Der Service hat uns an diesem Abend nicht überzeugt. Da wurde uns in der Vergangenheit Besseres geboten. Gerade zu Beginn gibt es überlange Wartezeiten und ruhig und zurückhaltend vorgetragene Kritik mündet in überflüssigen langen Diskussionen.

FAZIT:

Die Kreativität und Ideenvielfalt der Küchencrew scheint ungebrochen. Auch an Gästen herrscht kein Mangel. Jörg Sackmann zeigt nach wie vor sehr viel Engegagement, sowohl im Hotel, den Restaurants, bei Fernsehauftritten und doch sieht man ihn schon beim Frückstück nach dem Rechten schauen.
Mit viel Einsatz und Eigenständigkeit behauptet er seinen Platz in Baiersbronn. Der Schatten der großen Kollegen Wohlfahrt und Lumpp verdunkelt Schwarzenberg nicht.

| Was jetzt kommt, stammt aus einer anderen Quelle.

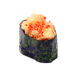 Гункан з тигровою креветкою, спайс соусом та ікрою тобіко..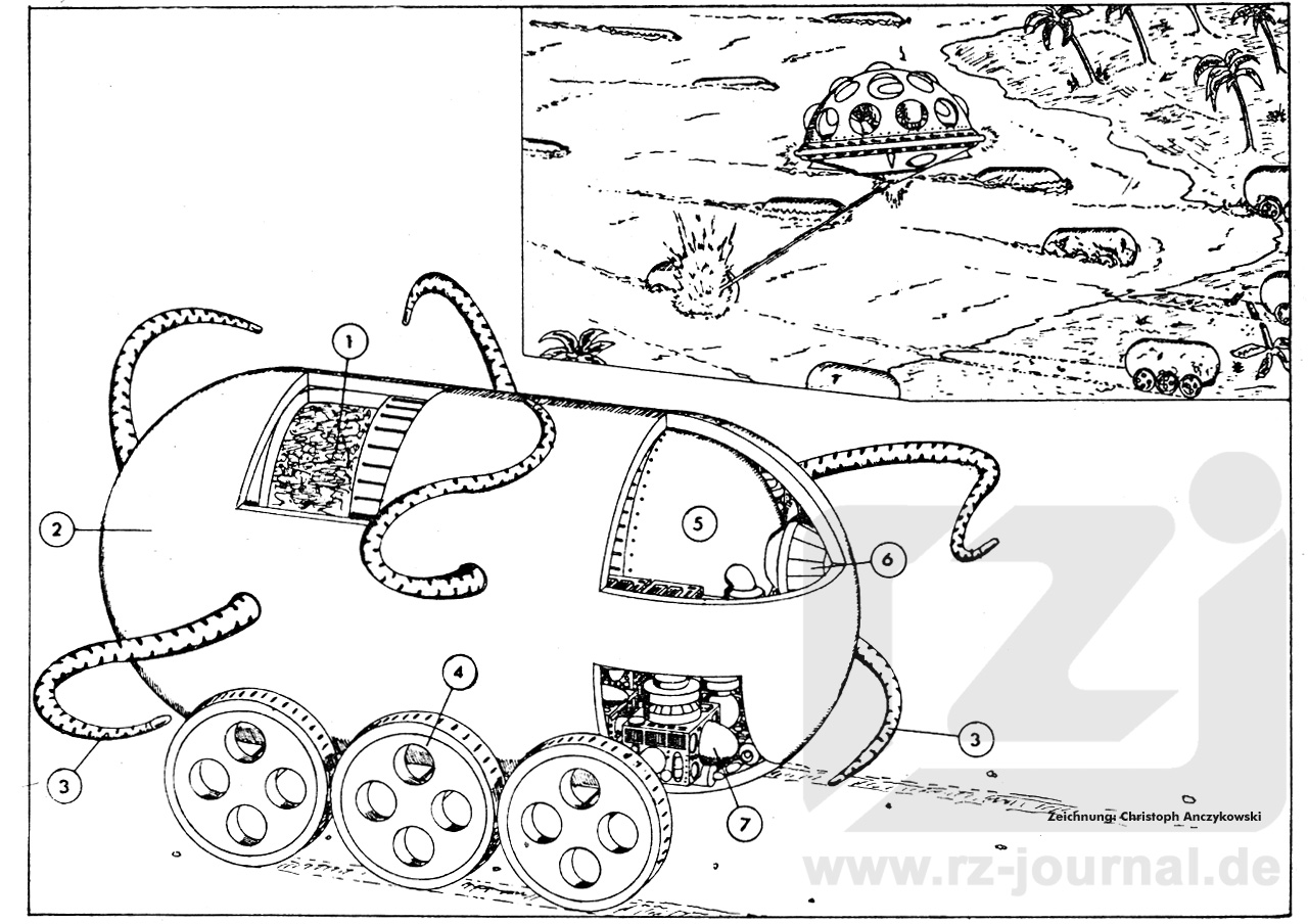 Abmessungen: Länge ca. 7 Meter, Durchmesser ca. 4 Meter; Durchmesser der Räder (6 Stück) 2 Meter. Auf eine weitere Beschreibung an dieser Stelle möchten wir verzichten, um Ihnen nicht die Spannung zu nehmen. Alle Erklärungen finden Sie in der Handlung des Romans. |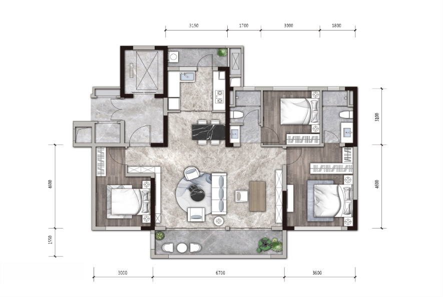 建面约188㎡四房两厅两卫

Zwei schwächere Eindrücke in einem so großen Menü sind durchaus verzeihlich.
Wer bei den angekündigten Amuse-Bouches-Gängen ängstlich nach Brot und Brötchen Ausschau hält dem sei gesagt, die Portionen sind großzügig bemessen. Hier können die Fotos zur Beruhigung beitragen.

Hotel und Restaurant erreichen Sie mit diesem Link.

Kommentare

2 Antworten zu “Schlossberg (**)”

  1. Andree sagt:

    Der Bericht klingt nach gutem Essen. Jedoch entsteht der Eindruck bei mir, als wäre ihr Herz nicht erwärmt worden. Ist das richtig?

  2. B. Steinmann sagt:

    Sie sehen das vollkommen richtig.
    Das Essen war insgesamt sehr gut. Einige Kritikpunkte habe ich benannt. Das wars dann aber auch schon.